La neblina subía por el barranco e impedía ver el andén y la vereda.
Para Benigno no era problema porque su ganado le guiaba y el conocía bien cada tenique y cada talisca.
En el bolsillo del calzón de lana, llevaba un puño millo y cuando alguna jaira o cordera se le salía del rebaño, lo agitaba y volvía sin necesidad de que el bardino tuviera que hacer su trabajo.
El bardino se lo trajo un amigo majorero, antes tenía un garafiano, pero tenía hablado con un tirajanero para un presa, que era su ilusión, porque de chico su paye le enseñó el pastoreo con uno y que no se andó con mucho remilgo a la hora de ponerle nombre y el presa de paye respondía al nombre de “Perro”. “Búsquela Perro,…salga el cercao…Perro…eche ponsimba”.
El tiempo no lo medía por relojes, el sol era su guía y ya pardeando tenía que estar al abrigo en el goro para la ordeñada.
La majurria llenaba todo y le hacía la cama al ganado con nuevas helechas.

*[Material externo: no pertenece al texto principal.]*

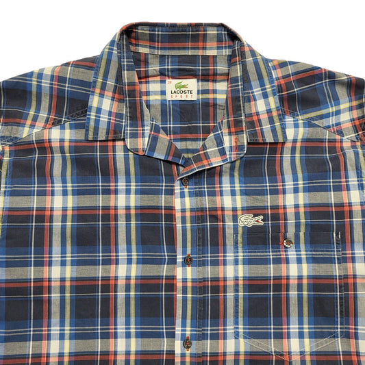 Lacoste Sport Vintage Y2K Blue & Red Checked Long Sleeve Shirt Men's UK Size M
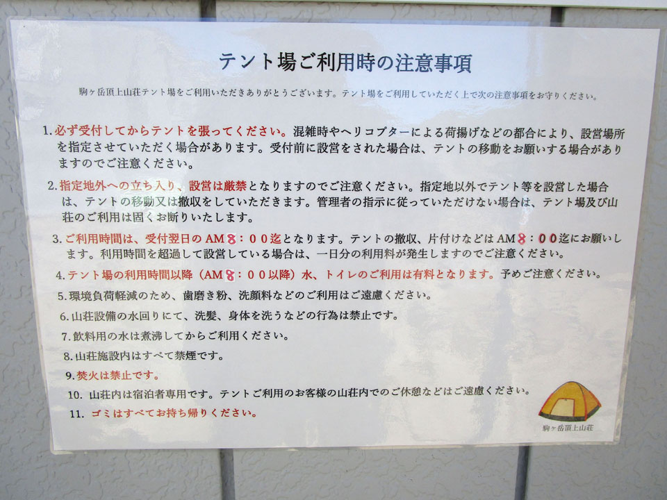 完全予約制だが、土日にめちゃ混んでいる頂上山荘テント場より快適そう。
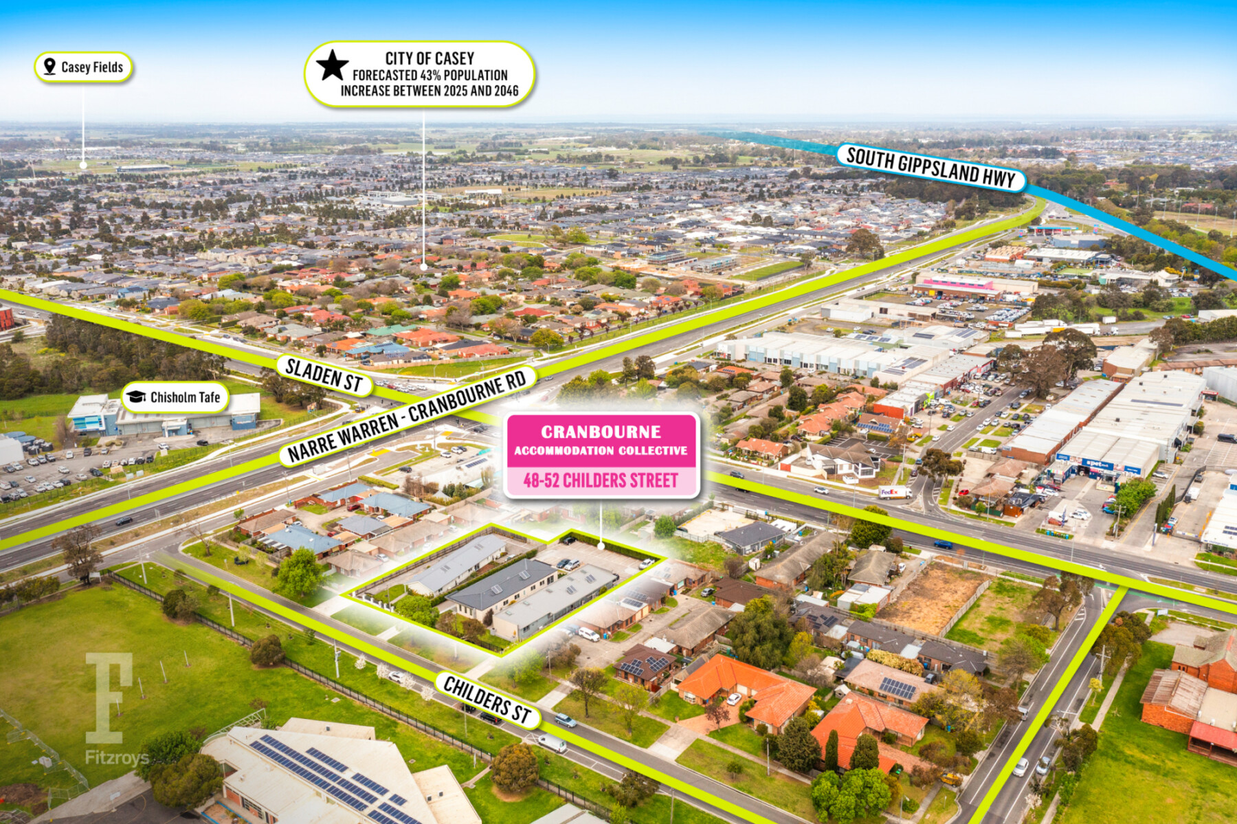 Fitzroys is delighted to present a truly unique and versatile accommodation facility at 48, 50 & 52 Childers Street, Cranbourne for sale via Expressions of Interest closing Thursday 20th November at 3pm.
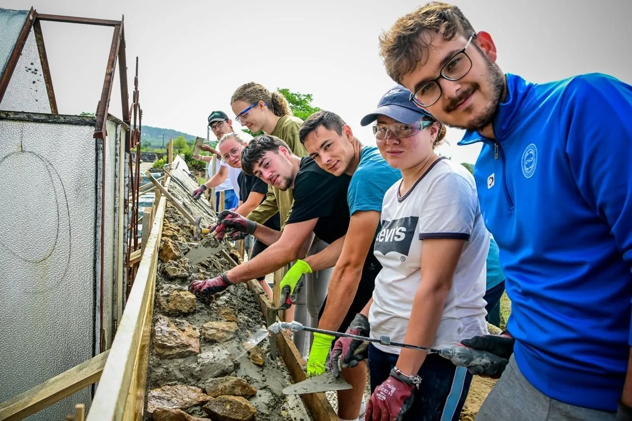 La commune d’Aubigné-Racan (Sarthe) accueille, depuis treize années, un chantier international de jeunes européens. Du 9 au 30 juillet 2025, douze jeunes, de huit nationalités différentes, travaillent à la réhabilitation d’un mur en maçonnerie traditionnelle.
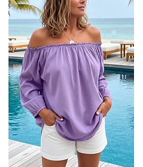 Damen Hemd Baumwoll-Leinen-Hemden Leinenhemd Strandhemd Rüsche Einfach Stilvoll Klassisch Modern Langarm Schulterfrei Normale Oberteile Täglich Ferien Strandbekleidung Blau Gelb Rosa Armeegrün Purpur
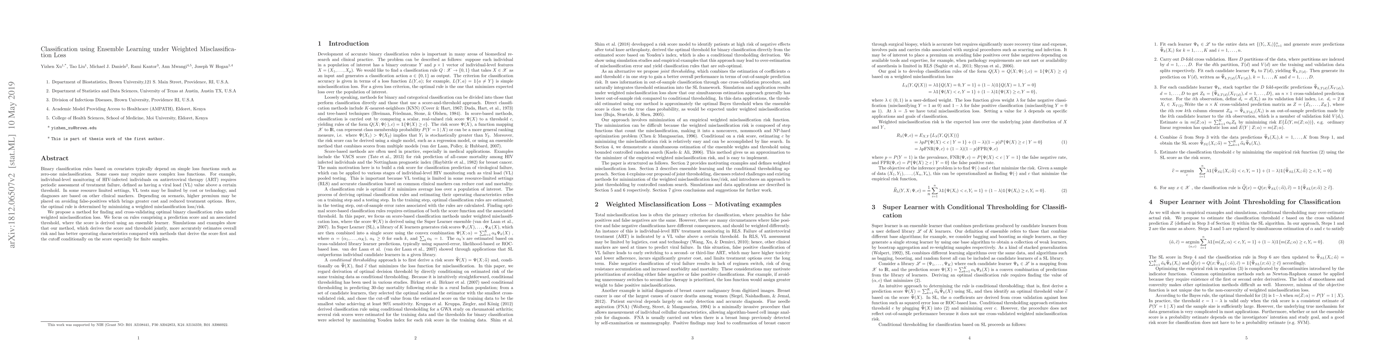Binary classification rules based on covariates typically depend on simple loss functions such as zero-one misclassification. Some cases may require more complex loss functions. For example, individual-level monitoring of HIV-infected individuals on antiretroviral therapy (ART) requires periodic assessment of treatment failure, defined as having a viral load (VL) value above a certain threshold. In some resource limited settings, VL tests may be limited by cost or technology, and diagnoses are based on other clinical markers. Depending on scenario, higher premium may be placed on avoiding false-positives which brings greater cost and reduced treatment options. Here, the optimal rule is determined by minimizing a weighted misclassification loss/risk. We propose a method for finding and cross-validating optimal binary classification rules under weighted misclassification loss. We focus on rules comprising a prediction score and an associated threshold, where the score is derived using an ensemble learner. Simulations and examples show that our method, which derives the score and threshold jointly, more accurately estimates overall risk and has better operating characteristics compared with methods that derive the score first and the cutoff conditionally on the score especially for finite samples.
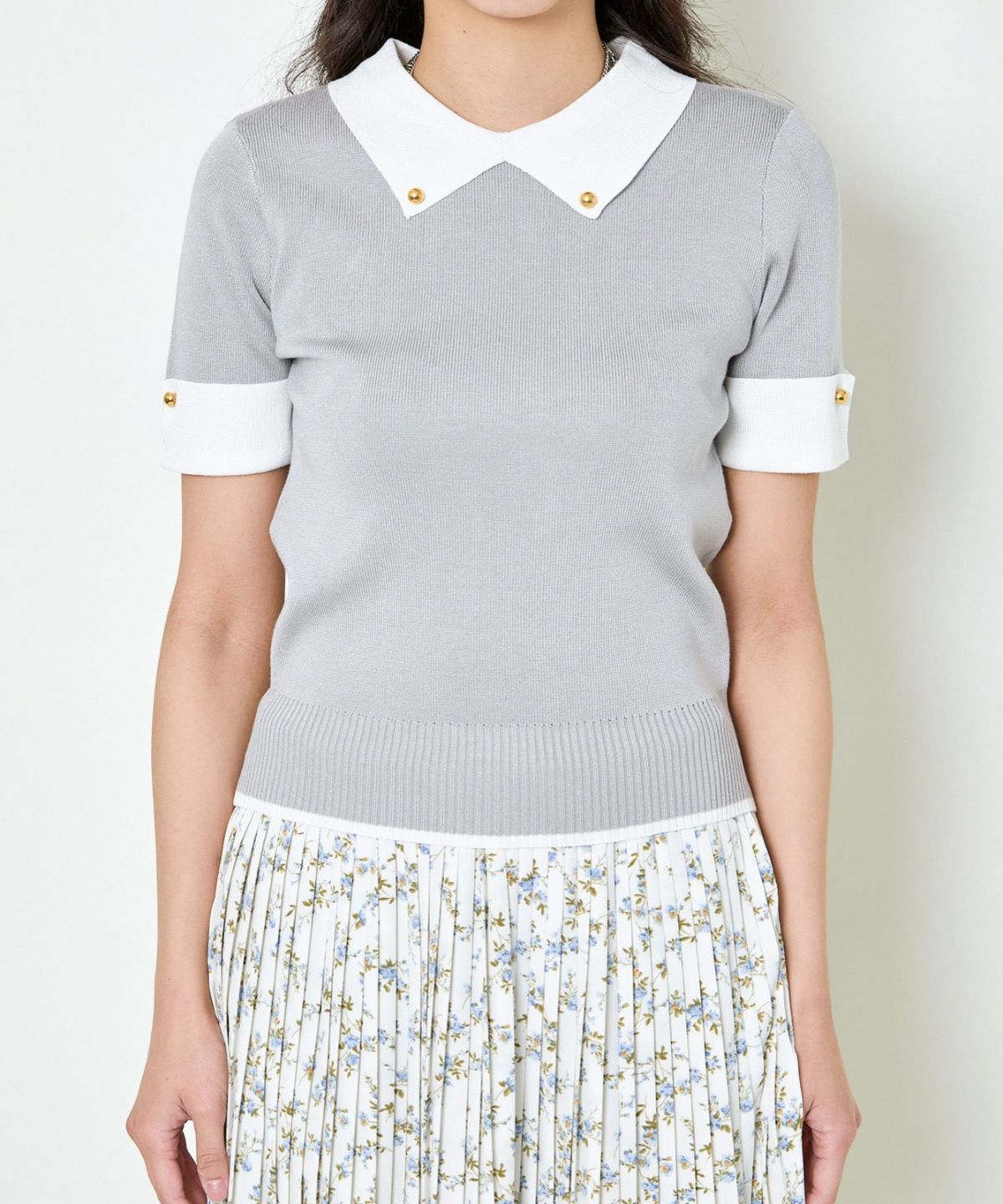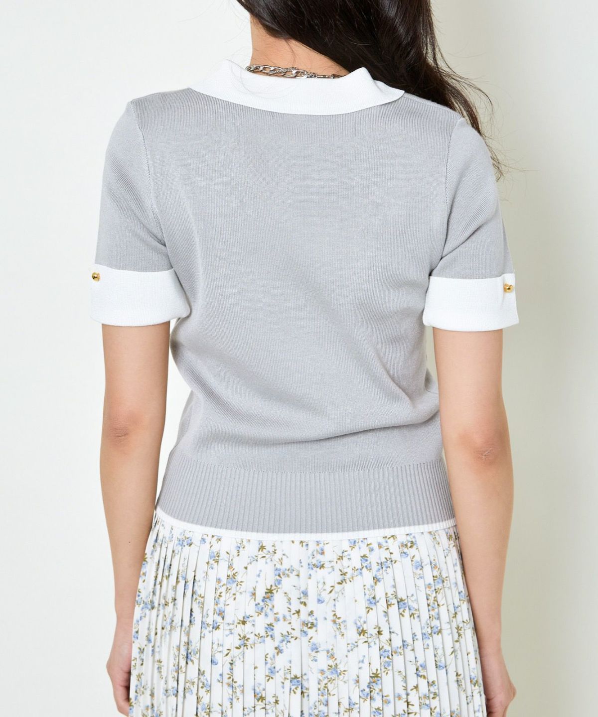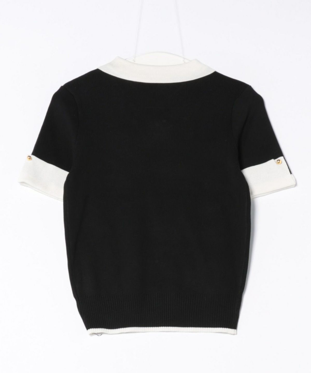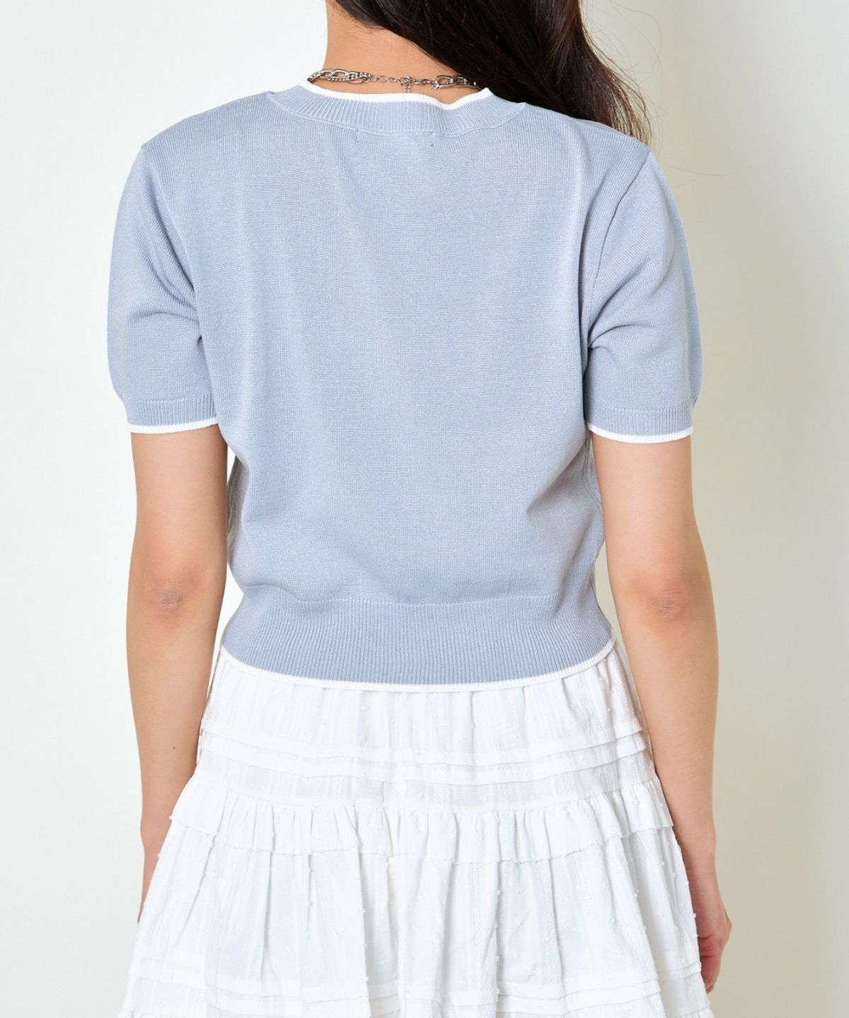 オーガンジー付き猫半袖ニットプルオーバー
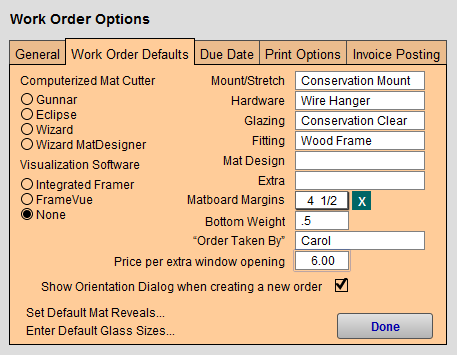 The Work Order Options window appears; open the Work Order Defaults tab.
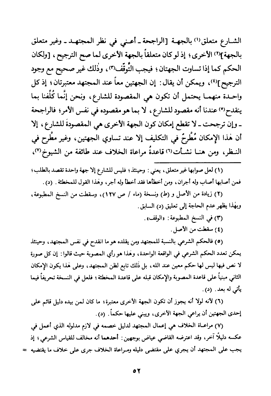 5 فالحكم الشرعي بالنسبة للمجتهد ومن يقلده هو ما انقدح في نفس المجتهد، وحينئذ يمكن تعدد الحكم الشرعي في الواقعة الواحدة، وهذا هو رأي المصوبة حيث قالوا: إن كل صورة لا نص فيها ليس لها حكم معين عند الله، بل ذلك تابع لظن المجتهد، وعلى هذا يكون الإمكان الثاني مبنيا على قاعدة المصوبة والإمكان قبله على قاعدة المخطئة، فلعل في النسخة تحريفا فيما يأتي له بعد."د".

Acomodaba al fresco las lecheras llenas y le ponía la comida a “Canelo”, que era el nombre de su bardino y él se preparaba un lebrillo de leche espumosa con gofio tostado y fiscos de queso viejo.
Afilaba el naife en la piedra seca del marco de la puerta de tea, mientras miraba a la Luna, que en un cielo oscuro, nublado, sin estrellas, lucía un aro dorado que presagiaba que llovería en la noche y a la prima habría fango.